EXERCISE DIRECTIONS
Copying rule for the data below: take the line containing "一些不可跳过的广告可以自定义,应用内可以跳过内部信息流、视频、图片等各类广告。" and every line after it to the end, exactly, and drop all pictures.

INFORMATION SHOWN
= = = = = = =
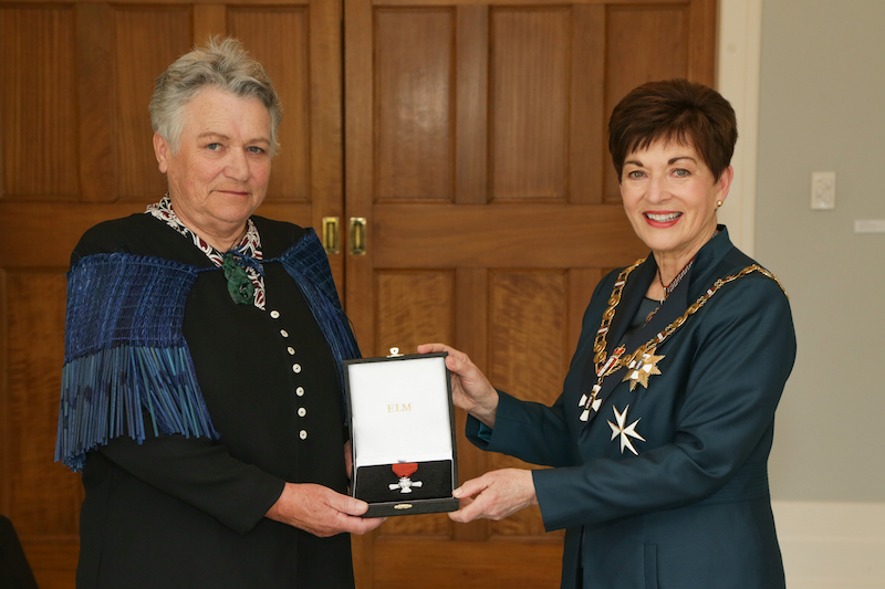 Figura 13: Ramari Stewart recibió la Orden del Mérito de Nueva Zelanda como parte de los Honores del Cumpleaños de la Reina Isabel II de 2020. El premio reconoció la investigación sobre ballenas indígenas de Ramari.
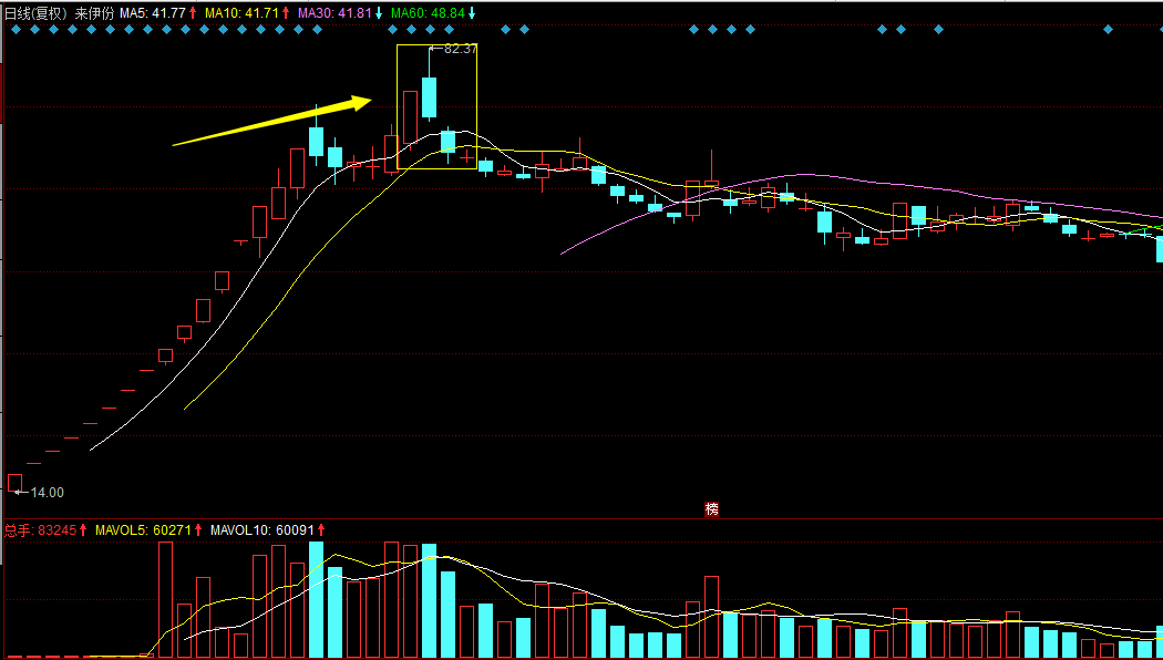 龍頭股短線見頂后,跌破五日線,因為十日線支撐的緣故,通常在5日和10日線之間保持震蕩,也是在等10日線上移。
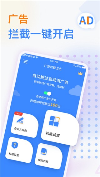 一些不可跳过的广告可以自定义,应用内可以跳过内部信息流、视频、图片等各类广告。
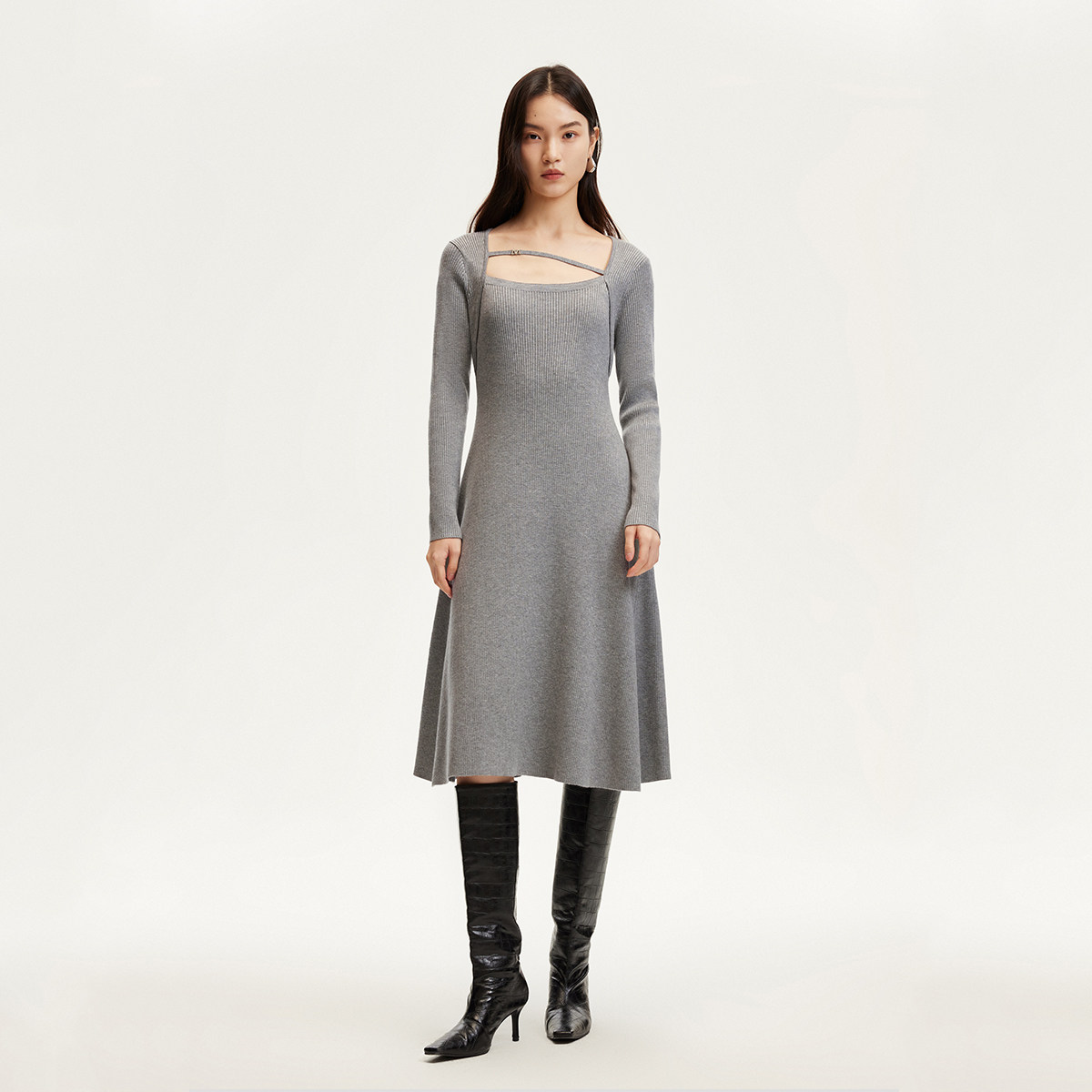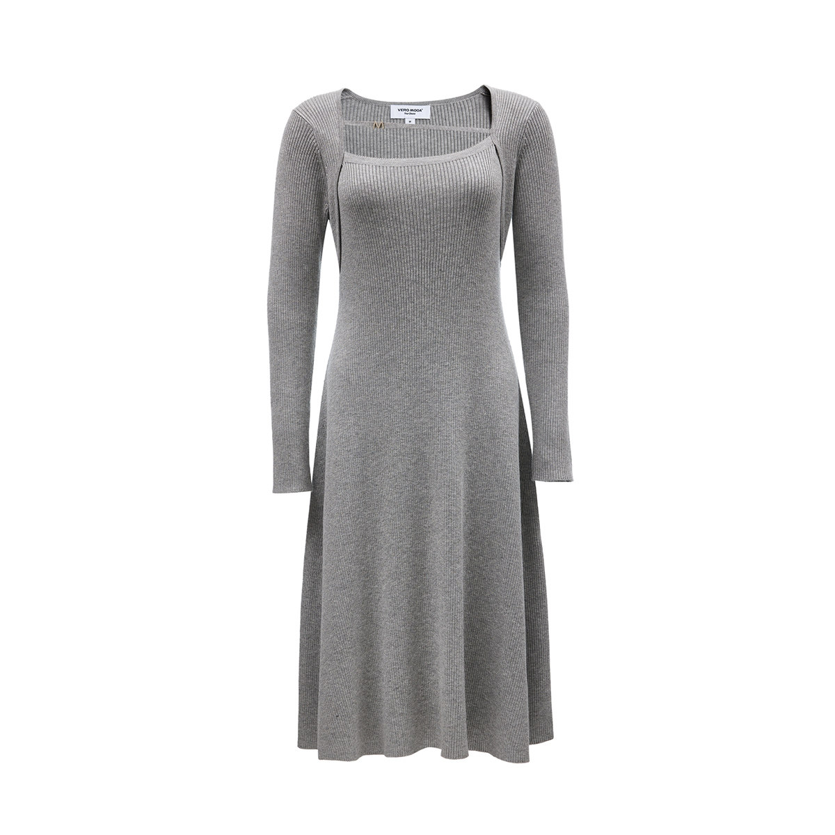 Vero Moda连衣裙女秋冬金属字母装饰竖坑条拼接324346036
= = = = = = =
RESULT
 一些不可跳过的广告可以自定义,应用内可以跳过内部信息流、视频、图片等各类广告。
 Vero Moda连衣裙女秋冬金属字母装饰竖坑条拼接324346036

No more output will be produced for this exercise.